Registration of a persistent identifier for an intangible information object is the simplest scenario where registrar provides simple identifier metadata information according to a baseline information model and registers the identifier without the need to store one or more representations of any other data. This process creates a PID descriptor in a PID DHT and therefore marks the existence of an identifier. The original registrar has the right to update the PID descriptor, if need be, as described later in this paper.

For file-based information objects the registration process, apart from issuing an identifier, also involves a description of the file location and its retrieval mechanisms. Depending on the organisational, data security and privacy policies, which may either restrict file distribution to authoritative source only or permit creation of multiple copies in data distribution networks, the registrar may choose to provide a direct link to web-accessible resource or create a Magnet Link to a file registered in a P2P DHT and distributed through P2P networks. In the case of file distribution from a single authoritative source, the registrar solely is responsible for ensuring availability of the data delivery infrastructure as in common PID systems (Figure 4).

Figure 4

Persistent identifier registration for a file-based information object delivered from a single authoritative source. A single data delivery node puts additional strain on organisational network and essentially is a single point of failure.

In the case of file distribution via P2P file sharing networks, the registrar is also responsible for creation of a file torrent and its registration in a P2P DHT. It is critically important to maintain file availability in early stages of a PID existence until it is fully replicated by multiple P2P nodes and an adequate number of seeders (nodes delivering parts of the file data) becomes available in a P2P network. Figure 5 illustrates the two-phase registration processes that involves registration of an identifier for a file-based information object in a PID Distributed Hash Table in conjunction with a torrent registration in a traditional P2P file sharing network, which registrar is a participating member of (shown by the grey zoom-in outline on Figure 5).

Figure 5

Persistent identifier registration for a file-based information object in a PID Distributed Hash Table and parallel registration of the file torrent in a traditional P2P file sharing network, which registrar’s organisation is a participating node of.

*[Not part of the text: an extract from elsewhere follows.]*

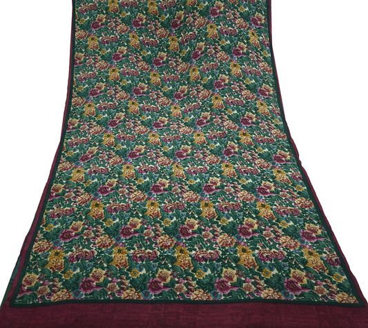 Indian Vintage Green & Multi Pure Crepe Silk Saree Floral Print 5 Yards Soft Sewing Fabric for Dressmaking, Quilting, Crafting Upcycling

The registration of an identifier for a multi-faceted information object requires the creation of a more sophisticated PID descriptor that contains one or many representations of the information object, e.g., a geographic feature can have a GML, imagery, and ontology representations at the same time. Each representation itself may be either a file distributed via a P2P network, a reference to a web resource, or request delegated to a web service, etc. In a simple scenario, this type of identifier would not benefit from the data redundancy mechanisms described above but they may be used to create identifiers to static web resources (e.g., web pages) creating permanent links to these resources known as aliases. Figure 6 illustrates the use of a persistent identifier registered in the PID DHT for a multi-faceted information object.

Figure 6

Persistent identifier registration for a multi-faceted information object with different types of views – (a) file distributed via P2P file sharing network, (b) a reference to a static web resource (e.g., HTML page, report, etc.), and (c) a delegated web request to a web service.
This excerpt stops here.